**What is needed:** Within the material below, locate the line with "Assiette ronde, assise" and the line with "Una mujer y", then return those two lines and all lines between them, exactly as written.

**Listed entries:**
>>>

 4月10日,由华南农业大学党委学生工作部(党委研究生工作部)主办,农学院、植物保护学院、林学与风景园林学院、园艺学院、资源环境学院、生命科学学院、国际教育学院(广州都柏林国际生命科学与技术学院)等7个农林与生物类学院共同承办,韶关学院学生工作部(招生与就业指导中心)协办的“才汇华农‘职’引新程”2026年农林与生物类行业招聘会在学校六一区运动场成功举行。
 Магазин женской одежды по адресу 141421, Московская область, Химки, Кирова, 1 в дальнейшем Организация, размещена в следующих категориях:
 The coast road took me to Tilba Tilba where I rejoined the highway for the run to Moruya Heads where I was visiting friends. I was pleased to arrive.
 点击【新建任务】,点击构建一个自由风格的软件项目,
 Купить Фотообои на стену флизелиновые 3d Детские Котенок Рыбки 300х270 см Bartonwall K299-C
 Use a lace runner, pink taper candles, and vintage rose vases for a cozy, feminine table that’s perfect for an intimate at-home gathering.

<<<
>>>

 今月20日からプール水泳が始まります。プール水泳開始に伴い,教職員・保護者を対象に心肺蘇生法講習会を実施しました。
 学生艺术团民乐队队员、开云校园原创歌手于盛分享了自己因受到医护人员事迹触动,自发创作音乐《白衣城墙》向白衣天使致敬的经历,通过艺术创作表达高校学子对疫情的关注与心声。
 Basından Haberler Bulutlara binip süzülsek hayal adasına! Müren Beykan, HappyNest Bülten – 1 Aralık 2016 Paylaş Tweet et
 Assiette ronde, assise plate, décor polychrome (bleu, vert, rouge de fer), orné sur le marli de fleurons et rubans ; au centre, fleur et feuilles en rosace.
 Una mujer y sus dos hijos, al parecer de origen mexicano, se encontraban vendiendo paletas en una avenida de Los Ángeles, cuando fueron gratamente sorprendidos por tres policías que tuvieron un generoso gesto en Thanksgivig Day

<<<
>>>

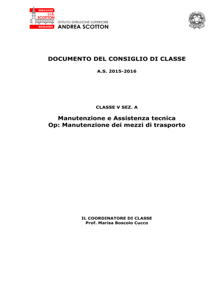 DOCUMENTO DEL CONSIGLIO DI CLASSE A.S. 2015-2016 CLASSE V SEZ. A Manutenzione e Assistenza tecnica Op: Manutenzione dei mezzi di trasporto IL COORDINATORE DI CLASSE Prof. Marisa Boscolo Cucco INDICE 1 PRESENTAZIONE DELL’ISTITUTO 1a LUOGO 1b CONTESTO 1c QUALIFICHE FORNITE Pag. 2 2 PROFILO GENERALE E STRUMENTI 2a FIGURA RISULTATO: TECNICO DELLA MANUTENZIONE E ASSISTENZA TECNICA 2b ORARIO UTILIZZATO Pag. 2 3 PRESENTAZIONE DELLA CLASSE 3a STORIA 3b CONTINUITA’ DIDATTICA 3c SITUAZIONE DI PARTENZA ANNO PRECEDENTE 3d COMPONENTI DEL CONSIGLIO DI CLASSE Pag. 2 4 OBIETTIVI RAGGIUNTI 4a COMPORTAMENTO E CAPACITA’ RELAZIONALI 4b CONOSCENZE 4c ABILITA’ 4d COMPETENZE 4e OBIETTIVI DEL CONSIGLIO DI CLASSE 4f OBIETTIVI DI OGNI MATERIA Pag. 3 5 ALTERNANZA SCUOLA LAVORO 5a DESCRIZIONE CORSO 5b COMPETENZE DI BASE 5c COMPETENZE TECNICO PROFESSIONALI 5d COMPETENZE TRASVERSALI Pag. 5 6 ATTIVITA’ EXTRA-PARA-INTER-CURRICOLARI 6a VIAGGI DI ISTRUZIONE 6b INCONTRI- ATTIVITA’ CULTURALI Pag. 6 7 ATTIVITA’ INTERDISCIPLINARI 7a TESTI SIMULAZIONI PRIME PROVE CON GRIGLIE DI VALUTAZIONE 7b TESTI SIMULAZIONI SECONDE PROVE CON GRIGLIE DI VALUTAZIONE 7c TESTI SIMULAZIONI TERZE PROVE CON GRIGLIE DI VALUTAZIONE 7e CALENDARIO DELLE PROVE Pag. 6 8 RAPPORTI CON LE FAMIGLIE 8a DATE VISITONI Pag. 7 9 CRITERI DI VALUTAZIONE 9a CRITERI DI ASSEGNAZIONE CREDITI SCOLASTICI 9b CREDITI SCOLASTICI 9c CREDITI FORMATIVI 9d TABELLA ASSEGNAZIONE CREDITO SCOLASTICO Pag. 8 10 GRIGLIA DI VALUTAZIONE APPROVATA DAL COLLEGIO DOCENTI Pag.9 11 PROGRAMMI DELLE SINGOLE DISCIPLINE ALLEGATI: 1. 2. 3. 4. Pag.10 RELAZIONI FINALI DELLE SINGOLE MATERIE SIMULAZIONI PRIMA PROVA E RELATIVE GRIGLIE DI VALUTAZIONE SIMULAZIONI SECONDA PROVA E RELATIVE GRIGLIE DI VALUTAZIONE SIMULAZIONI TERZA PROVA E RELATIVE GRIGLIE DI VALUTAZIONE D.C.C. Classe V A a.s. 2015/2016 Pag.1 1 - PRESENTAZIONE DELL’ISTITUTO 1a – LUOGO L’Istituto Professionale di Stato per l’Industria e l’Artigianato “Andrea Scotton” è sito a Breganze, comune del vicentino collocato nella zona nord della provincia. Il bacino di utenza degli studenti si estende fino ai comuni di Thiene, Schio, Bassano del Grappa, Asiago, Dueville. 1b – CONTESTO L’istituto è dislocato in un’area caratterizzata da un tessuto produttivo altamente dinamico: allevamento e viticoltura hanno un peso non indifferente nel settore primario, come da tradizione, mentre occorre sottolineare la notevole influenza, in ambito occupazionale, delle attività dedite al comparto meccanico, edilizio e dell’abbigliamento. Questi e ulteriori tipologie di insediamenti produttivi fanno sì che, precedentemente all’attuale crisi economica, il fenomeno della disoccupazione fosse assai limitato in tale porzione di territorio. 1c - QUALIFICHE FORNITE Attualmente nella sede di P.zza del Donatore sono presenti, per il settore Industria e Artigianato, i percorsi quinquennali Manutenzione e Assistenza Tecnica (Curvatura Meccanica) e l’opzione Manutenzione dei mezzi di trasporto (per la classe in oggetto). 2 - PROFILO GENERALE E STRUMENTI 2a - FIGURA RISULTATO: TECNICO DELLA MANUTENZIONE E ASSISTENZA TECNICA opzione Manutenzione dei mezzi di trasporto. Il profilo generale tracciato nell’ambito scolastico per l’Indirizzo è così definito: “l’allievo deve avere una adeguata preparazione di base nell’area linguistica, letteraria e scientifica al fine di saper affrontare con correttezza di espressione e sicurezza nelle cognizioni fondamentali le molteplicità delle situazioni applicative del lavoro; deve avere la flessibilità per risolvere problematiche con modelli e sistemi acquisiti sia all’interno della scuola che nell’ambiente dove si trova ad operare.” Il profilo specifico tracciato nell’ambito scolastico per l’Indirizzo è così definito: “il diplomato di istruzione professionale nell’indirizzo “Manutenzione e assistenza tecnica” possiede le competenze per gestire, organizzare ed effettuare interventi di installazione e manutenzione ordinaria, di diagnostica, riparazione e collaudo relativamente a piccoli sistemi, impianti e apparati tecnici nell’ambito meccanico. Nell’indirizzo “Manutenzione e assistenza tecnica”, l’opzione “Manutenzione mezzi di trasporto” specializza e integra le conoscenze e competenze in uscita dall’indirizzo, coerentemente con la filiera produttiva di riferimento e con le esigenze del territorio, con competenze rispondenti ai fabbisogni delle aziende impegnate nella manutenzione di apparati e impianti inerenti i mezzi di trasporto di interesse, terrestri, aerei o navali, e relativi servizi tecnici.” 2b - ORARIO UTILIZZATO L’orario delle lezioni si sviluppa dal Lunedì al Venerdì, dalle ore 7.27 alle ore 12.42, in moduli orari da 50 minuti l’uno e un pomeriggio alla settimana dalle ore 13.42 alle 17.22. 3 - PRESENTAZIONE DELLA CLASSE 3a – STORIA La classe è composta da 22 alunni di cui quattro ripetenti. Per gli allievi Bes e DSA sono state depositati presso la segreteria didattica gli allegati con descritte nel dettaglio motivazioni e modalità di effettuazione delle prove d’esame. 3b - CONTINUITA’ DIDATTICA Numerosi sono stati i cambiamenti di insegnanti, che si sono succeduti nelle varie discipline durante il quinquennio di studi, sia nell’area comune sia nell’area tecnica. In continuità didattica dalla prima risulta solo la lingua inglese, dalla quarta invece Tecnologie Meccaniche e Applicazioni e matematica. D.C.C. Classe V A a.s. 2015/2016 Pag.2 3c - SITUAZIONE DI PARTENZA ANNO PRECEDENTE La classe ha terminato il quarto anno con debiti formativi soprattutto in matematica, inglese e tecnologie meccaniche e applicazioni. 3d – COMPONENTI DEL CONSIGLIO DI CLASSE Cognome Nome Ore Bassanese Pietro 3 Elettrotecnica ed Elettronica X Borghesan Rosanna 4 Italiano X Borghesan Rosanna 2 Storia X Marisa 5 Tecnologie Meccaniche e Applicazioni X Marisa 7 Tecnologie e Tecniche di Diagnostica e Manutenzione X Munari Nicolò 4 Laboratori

<<<

**Output of the task:**
 Assiette ronde, assise plate, décor polychrome (bleu, vert, rouge de fer), orné sur le marli de fleurons et rubans ; au centre, fleur et feuilles en rosace.
 Una mujer y sus dos hijos, al parecer de origen mexicano, se encontraban vendiendo paletas en una avenida de Los Ángeles, cuando fueron gratamente sorprendidos por tres policías que tuvieron un generoso gesto en Thanksgivig Day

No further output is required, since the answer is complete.